JOY, JOY, JOY... TUTORIALS.

Friday, October 17, 2008

Tutorials. The most dreaded word along with DP (Dully performance certificate). Rhodes and some other universities like UKZN and UCT have tutorials to make sure that the students are on track and not on crack. Tutorials (tuts) are 45 minute talking sessions where you have to speak other wise you will be marked absent. You have to produce a typed out four page document that will only count 1.1% for your year mark other wise you will be marked absent. And, you have to deal with the fact that if you don’t attend these tuts then your DP will be taken away from you.


Before I start rambling on about Tutorials.
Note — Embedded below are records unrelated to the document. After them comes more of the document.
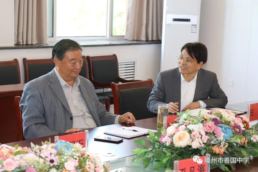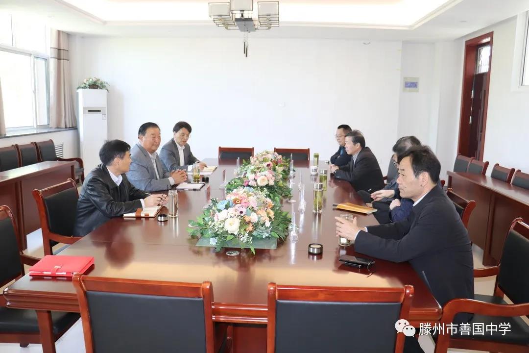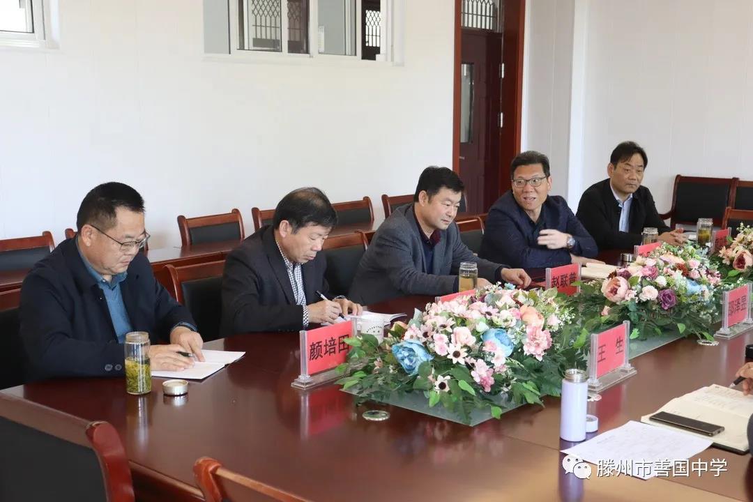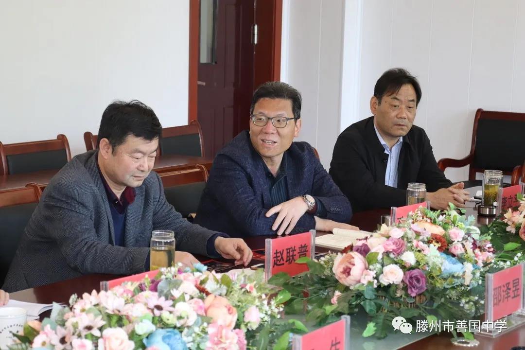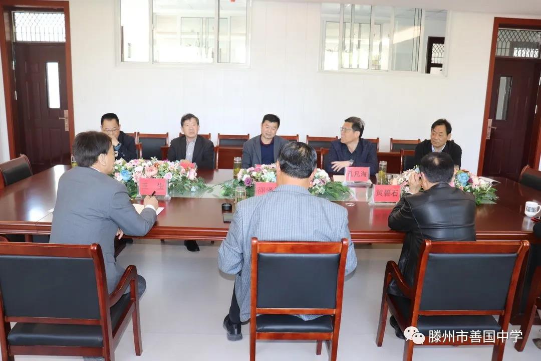 2021年4月17日上午9点30分 在善国中学召开了学校发展交流研讨会 参 加会议的有 善国中学董事长邵泽昱, 善国中学校长王生, 善国中学常务副校长黄碧石, 尚贤中学校长赵联普, 北辛中学校长孔凡海, 北辛中学通盛路分校长徐义新, 北辛中学善国校区校长李立平, 北辛中学善国校区副校长颜培田。
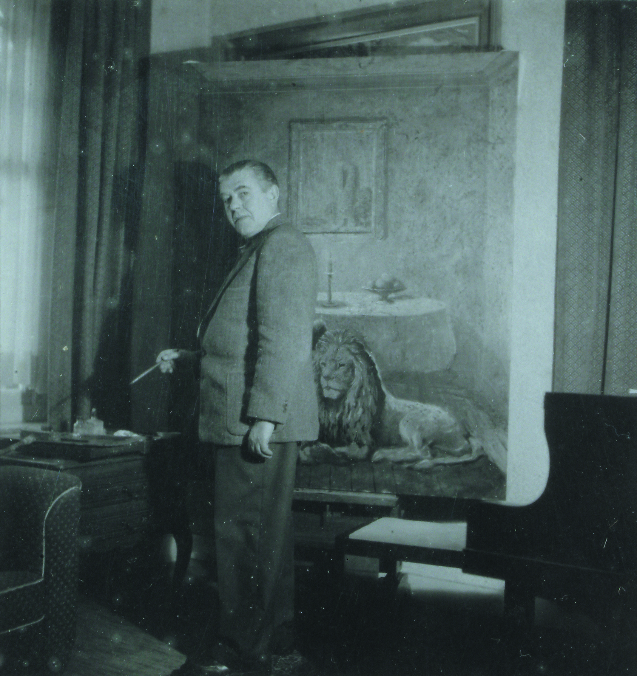René Magritte assis devant "Les deux mystères"(1966) en cours de réalisation
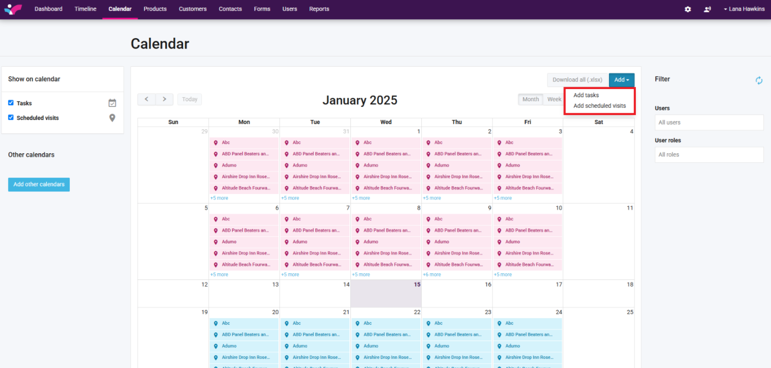 3. Choose whether you want to add a Scheduled visit or a task:

DP’s are the imaginary certificates that let you write the June and November exams. Many things can be done for you to lose your DP’s for your different subjects. For example not showing up for tuts, not handing in assignments and not writing the term tests. Now that we know what DP’s are lets criticise tuts.

Tutorials are a waste of time and the only thing they do is make you some cool new Facebook friends. They are boring and they are most of the time not efficient. Let’s take my English tut for example; my tutor is one of those rare gems who have the talent of speaking in one tone all the time. If the world was crumbling and we were all to meet our doom he would probably scream in that tone as well. He wears only sport brands and attacks us if we say anything bad about Arsenal. The tut-lings don’t talk out of turn except when they are asked a question and so this makes for some entertaining commentary in my head. During the tut I try to imagine all the things my fellow tut-lings are thinking. I would share my thoughts on this but this blog is attached to amatomu.com and they don’t like my thoughts very much. So there I am trying to shatter the silence and boredom with my hilarious (well I think so) commentary in my head and he’s asking me a question. I pretend I’ve heard him and stare at my converse for inspiration then I smile at him with my retarded smile and say "I concur" He then smiles back and moves on to his next victim. The tut is over and he says that I’m really improving in this tut. I am surprised with this and laugh my self silly in my head and inform my tutor that his ultra cool tattoo on his arm is on the body of a Chelsea soccer player (He hates Chelsea like how Hitler hated the Jews). He looks at me as if I’m joking and when I don’t signal that the remark is false he starts shouting the F-word in his one tone voice. I in return just carry on laughing in my head and leave the castle of doom (the English Department).


With that story, I hope it suggested some cool pointers on how to survive tuts. And if the commentary-in-your-head doesn’t work then I suggest you move on to more illegal substances.